How are companies training workers on ChatGPT, generative AI? AI evolving too fast to train workers to keep up, as the scene is constantly shifting.
How quickly could AI threaten jobs in the medical field? Gottlieb says AI may take on doctors' roles sooner rather than later.
AI Opinions and Articles
Training AI off data scraped online also includes a lot of toxic speech, Google is coming up with ways to fight that with Google’s weird, risky quest to tame AI with AI.
A Look Back …
The Atlantic has a profile on Sam Altman of OpenAI, and asks “Does Sam Altman know what he’s creating?” Sub-titled “The OpenAI CEO’s ambitious, ingenious, terrifying quest to create a new form of intelligence,” the article goes through the history of OpenAI and it’s discouraging early years:
The first few years at OpenAI were a slog, in part because no one there knew whether they were training a baby or pursuing a spectacularly expensive dead end.

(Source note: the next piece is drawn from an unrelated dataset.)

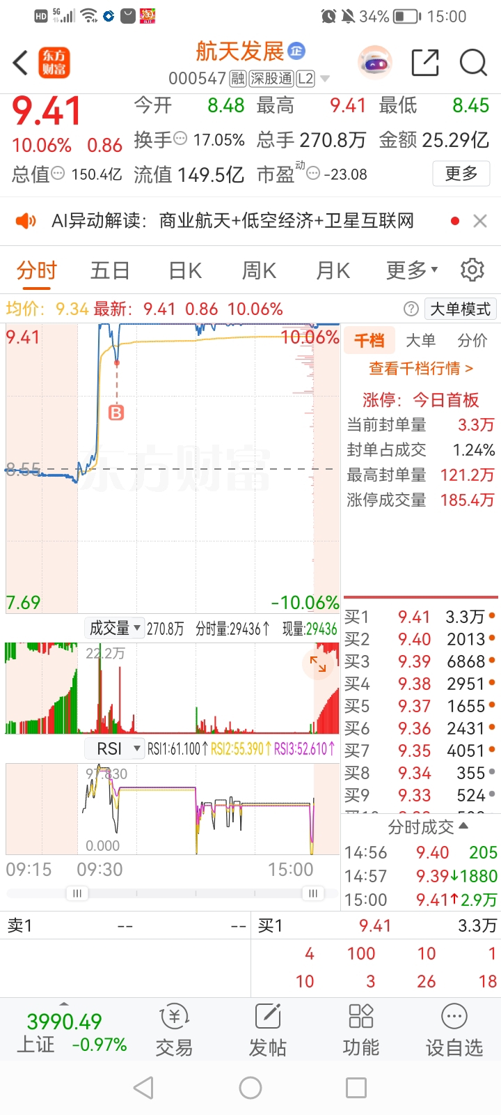 $航天发展(SZ000547)$ 尾盘集合竞价回封涨停板,主力净流入七个亿,涨停板成交量高达185.4万手!应该是主力在涨停板上吸筹!如果是出货的话就直接砸下来了!
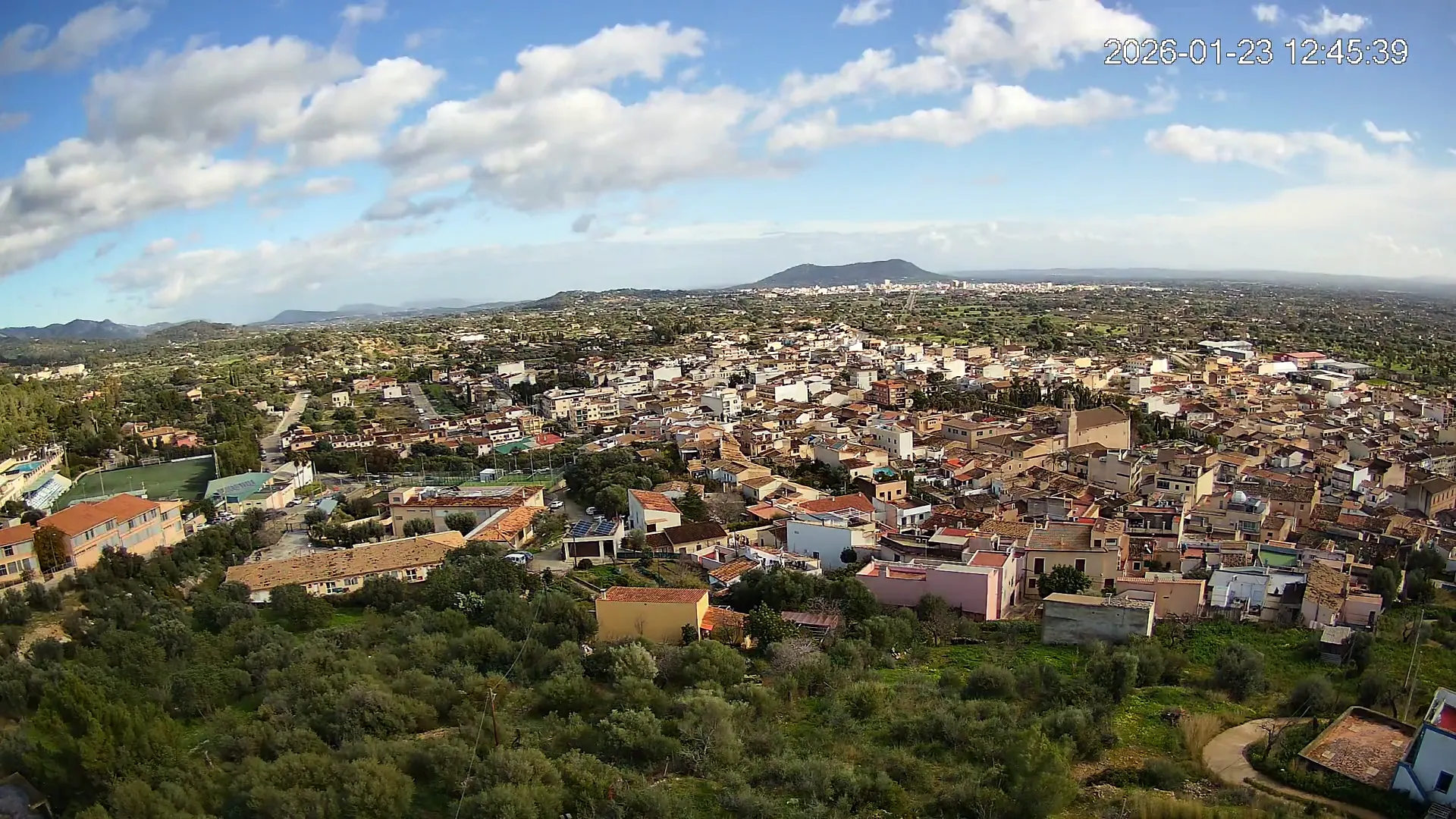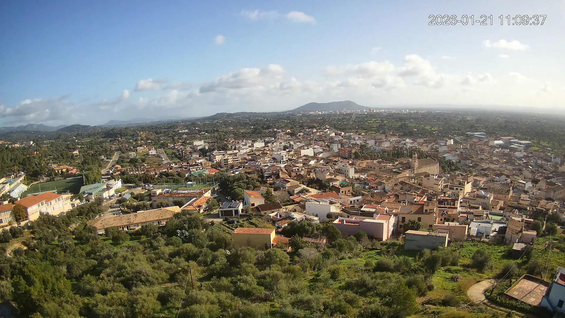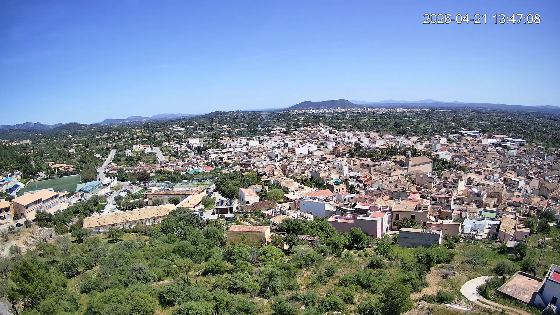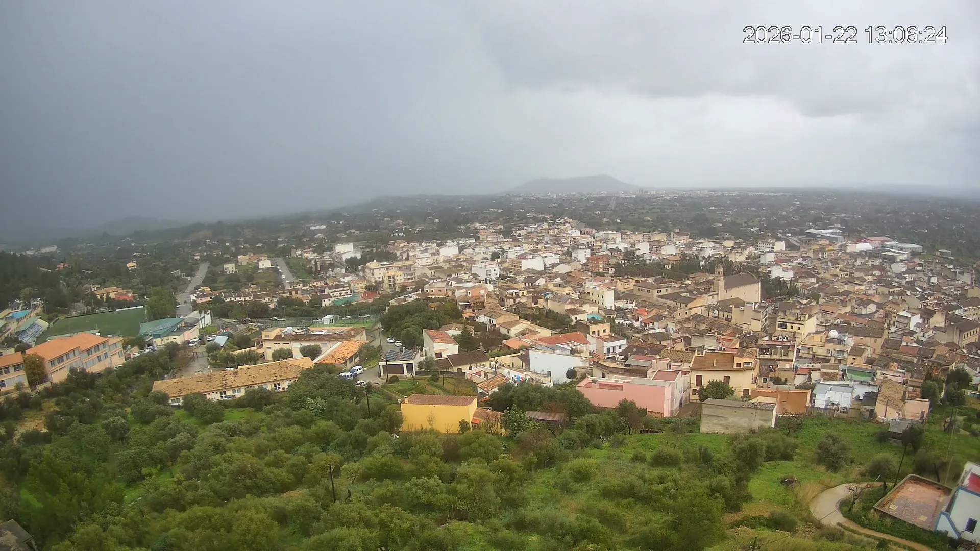 Ubicada en la parte alta del pueblo de Lloseta, esta cámara ofrece una vista panorámica del corazón de Mallorca, donde se aprecian las calles y tejados de Lloseta, la ciudad de Inca al fondo y, dominando el horizonte, el Puig de Santa Magdalena con su emblemática ermita en la cima, todo enmarcado por la belleza de la Mallorca interior

… “Nothing was working, and Google had everything: all the talent, all the people, all the money,” Altman told me. The founders had put up millions of dollars to start the company, and failure seemed like a real possibility. Greg Brockman, the 35-year-old president, told me that in 2017, he was so discouraged that he started lifting weights as a compensatory measure. He wasn’t sure that OpenAI was going to survive the year, he said, and he wanted “to have something to show for my time.”
… and then the Transformer paper came out. The rest is AI history.